I’ve put off this final message for far too long, but it is an obligation I took on when I started this project—one that became all the more pressing as the site grew, flourished, and ultimately withered. Vogue Horror will shut down on October 13th, and I will continue along other trajectories.

This site was always an imperfect dream, compromised in its very nature. I was knowingly trying to do something the world had moved on from—old-school criticism in long form, which worked remarkably when there were perhaps a score of voices in the forum. That is not the way of today, and the fault is entirely mine for not accepting it. In other words, Goodreads is not the enemy, but simply the order of the day.

Moreover, the aim of this site was decidedly off course from my natural creative drive. I’d spent half a decade trying to skip the short fiction side of the publishing business, which for a genre writer is akin to trying to make a chair work with only three legs—one of my favorite print-on-demand illustrations, my wife will tell you.

I don’t begrudge the attempt—I learned more about navigating the publishing world and managing stakeholders through three years of running this site than I ever would have simply writing and submitting fiction—but I regret that this path was, in fact, merely a detour back to the old road.

This type of criticism deserves better, as it is still valuable. I hope someone infinitely more devoted and intelligent than I will strike up something that resembles it in its best moments but is distinctly their own.

The name was always a problem for me. This might have stayed on course if I’d been able to secure ModernHorror . com. The one I landed on instead always pricked me, never feeling like an acceptable alternative apart from the one week when I pulled the trigger back in 2022 and got to work. That’s a spot that never grew a callus, and it’s hard to hustle if you feel a pinch of doubt when you name your site.

I also failed to navigate the absolute deluge of requests that came my way. There were days when two or three creators reached out, and this was always a part-time project. I implemented a screening process, but that didn’t make it any more manageable. In the end, I know what it is like to be a creator and need your work to find success, so I hated telling people that my door was closed to them. Yet an indie book that results in roughly nine total eyeballs reading my reviews doesn’t really help me out.

I also missed reading for fun. Books have been my refuge.

Shame the devil: I also got sloppy. I ran out of things to say. I reviewed works I didn’t care about and struggled to find anything significant to impart. My later work rarely matched the scope and scale of my early- and mid-run reviews, and I should have taken action to pivot back to things I cared about.

Finally, it can’t go without mention: the Google AI summaries that began to appear at the top of search results curbed my traffic by about 70%. This site wasn’t really about clicks at its heart, but it was nice when they came, and the Chipotle money it brought in made it easier to justify the hundreds of hours I spent working on the site over the past few years.

I have no idea why I was suspended from Twitter. I think it has to do with the name of my site and a popular fashion publication, but Elon’s people neither confirmed nor denied, just gave me the boilerplate.

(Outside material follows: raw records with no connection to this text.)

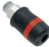
Quick Release Couplings For the complete range, see our accessory catalogue.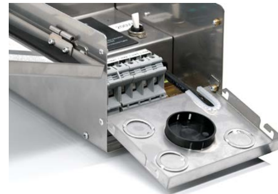
TOOL-LESS DROP-DOWN PANEL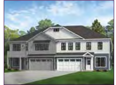
17229 Brinleighs Way • $669,660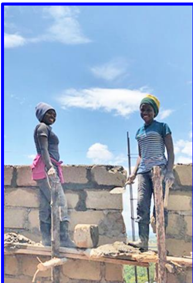
NOTE: THERE ARE TWO WOMEN WORKING ON THE SCHOOL - - BOTH MASONS. NEARLY 50 WORKERS ARE AT THE SITE DAILY. YOUR DONATIONS ARE SUPPORTING THE SCHOOL AND THE LOCAL ECONOMY. MANY THANKS!!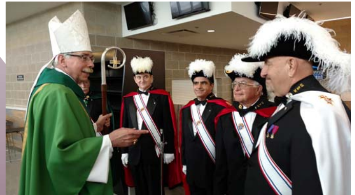
Honor guard at the Catholic Men's Conference with Bishop Campbell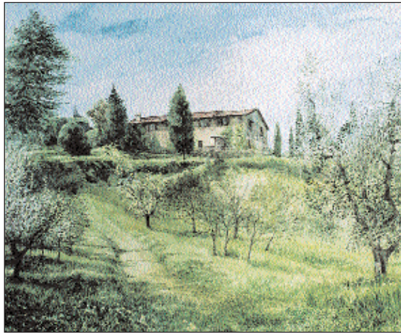
Jane Carpanini "Casa di Luna" Watercolour 10 1/2in x 13in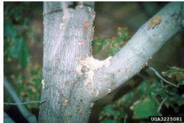
Figure 5. Asian longhorned beetle boring dust.

Despite major effort that continues, to date there are no highly effective traps or lures for this insect. Its detection is largely dependent on interested individuals being able to identify adult insects, which fortunately is relatively easy because of the Asian longhorned beetle is conspicuous with readily identifiable features. Suspect insects or suspicious infestations should then be immediately brought to the attention of the Colorado State extension office or Colorado State Forest Service office near the county which the suspect insect(s) were found.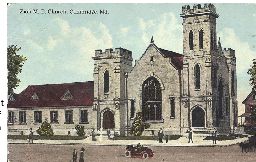
Post card of the "new" Zion M.E. Church. Note that the education wing was a single story with a pitched roof.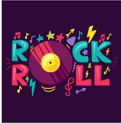
Rock and Roll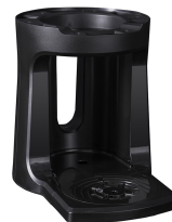
STAND ASSY KIT, TF SERVER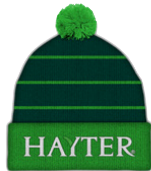
KNITTED BOBBLE HAT

All in all, it was a great and deeply valuable journey. I just wish it had a better finale. The reality is I’ve got to get back to creating, not just assessing creation. I’m not a bad writer and I work hard, even though I struggle with short fiction, which is the first gate. From my work with this site, I now know what makes better writing and how to navigate the spaces around it in ways I could not have learned in ten years of pumping submissions. I’m also ashamed at how close I was to success when I pivoted to writing about fiction rather than making it: I was getting encouraging, custom feedback and alternative submission suggestions from some of the best publications in genre fiction. I did not realize what a milestone that was when it was happening.

So, on to the next chapter. I am whole, I am mentally and physically healthy, and I know how to spend my time—with the conviction to fuel it. I’ve been writing daily for a few weeks, and it’s gradually starting to feel like just part of myself again. Look for me on the bottom rung soon.

…and of course, I’d be remiss if I didn’t give a heartfelt thank you to the writers and filmmakers who worked with me over the past few years. Many of you shared your time, your insight, your appreciation, and I spent more time corresponding with you than I ever would have expected. The value therein is uncountable. In no particular order and from the top of my head: Ai Jiang, Corey Farrenkopf, Mia Dalia, Pat Barb (who, because of his surname, will forever live in my head as an old Polish woman who made the healthy decision last year to switch to Camel Lights and is forever working on getting back to the bowling score of her youth), Adam Nevill, Andrew de Burgh, FZ Boda, Ellen Datlow, Christopher Houtz, Isobel Aislin, and all the others I’ve forgotten who were kind enough to share their words with me. I will be cheering for your boundless success.

Highest regards,

Wyatt Towns

Next
Next

Book Review: Yeehaw Junction by Kayli Scholz (2025)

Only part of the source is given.